I can't think of a specific milestone, other than our second son reaching the age of 18. We have not yet graduated him from homeschool, but are about to. He has become much more independent.

Probably the most major milestone that happened this year only happened a few days ago on September 9th. I came out to all my family and friends and told them that I preferred being male and was going to take steps forward on that path, and they could all just deal with it or leave. Surprisingly, everyone took it really well (so far). Everyone has been telling me that they're proud of me, and good for me, and they support me and such. I'm not *fully* sure what my parents think, since neither of them have written to me with more than a paragraph, but they seem to be trying to be supportive, so I'll keep my fingers crossed. I feel a lot better about my life in general. I'm able to talk to people more freely because I don't have to hide now. And I can actually start moving forward on this path, which is a huge relief. Overall, I'm very relieved and grateful. And calm. I'm glad the worst is over.

WOW! My sister went wild, disowned us. Told my mom about my tattoos. Gram died. That was horribly shitty but in the end ok. I realized how hard my heart is and maybe thats good? I dunno.

My moms death. but we were all there , together and we shared amazing moments with her until the end with my siblings and my kids and i have no regrets....all was said and done and i am at peace with her death...

Parents moved after 37 years in same house. I am happy to seem them have a new lease on life -- make new friends and take on new interests.

My paternal grandfather passed away in July. We weren't especially closeness--geographic and then mental distance kept us apart--but it made me consider my extended family and my heritage. After spending most of my life with the presence of four grandparents as a given, it was almost a surprise to realize that I just have one still alive. It makes me realize how much I cherish the different generations in my family--both much younger and much older than me--and how worth the effort it is to be involved in their lives.

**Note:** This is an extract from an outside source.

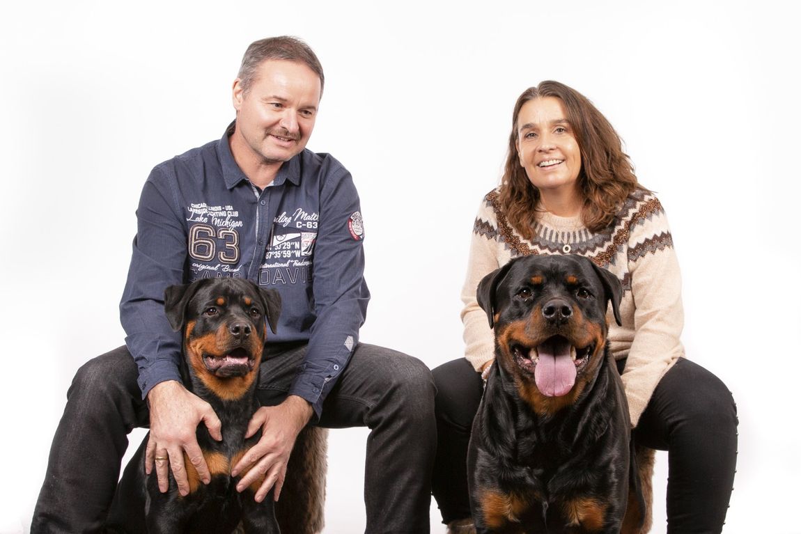 Die Rottweilerwelpen werden im Haus aufgezogen und von unserer Familie versorgt, dazu gehört auch der Kontakt mit Kindern und anderen Tieren und Alltagssituationen.
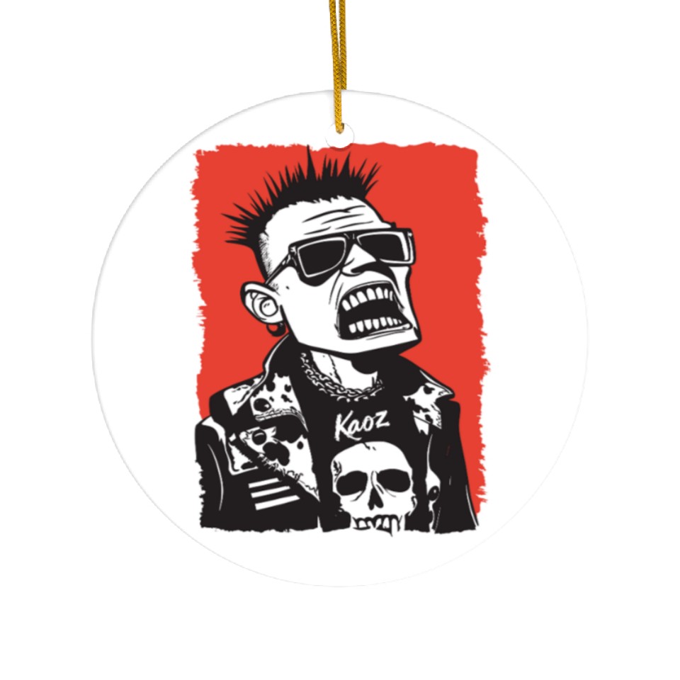 You're searching for a one-of-a-kind product Screaming Punk Rocker with Skull Ceramic Ornaments For WHITE belong theme Ceramic Ornaments at Printblur

I got engaged. and Pavan got married. Again, that was an amazing experience. It was great to celebrate their union, but it was also great to combine the entire family - India, Elly's, and Sara and her mom. It reminded me that we're not as alone as we (or I) thought we were in this country. It was also one of the more joyous evenings of my life. To see my dad dance - after the waiter spilled chicken juice on his new suit - with reckless abandon on teh dance floor and complete disregard for himself or those around them - made me so happy.

I think a major milestone in my family is that we are all less stressed about finances. We are all beginning to learn to be reponsible for ourselves though there is still much work to be done. Essentialy, what we have all learned to do is trust in God more. Trust that we are being guided, that we are supported adn that all will turn out for the best. Especially my mother. She has let go of a lot of anxiety; we all have really. Thank god. This has enabled me to come back to the family more and feel safer around them. I believe that I have worked hard this past year on loving myself and working on the belief that my life is a safe place for me. ITs been great.

My nephew came to visit along with my bro and his GF and I realised that my family will be fine without me. They're all doing well and they'll make it. My mother's too much of a narcissist to care too long, and really my death would be the best thing that ever happened to her, she'd have instant sympathy and compassion for the rest of her life and always be someone's center of attention, which is really all she wants. My father would get over it too, he's got other kids and frankly I can't believe that the distance I feel is one-sided, too many years of pretending to just play happy families now.

My uncle Doug died. Sad day for Omi and Dad. Good reminder to be open and vocal about my love.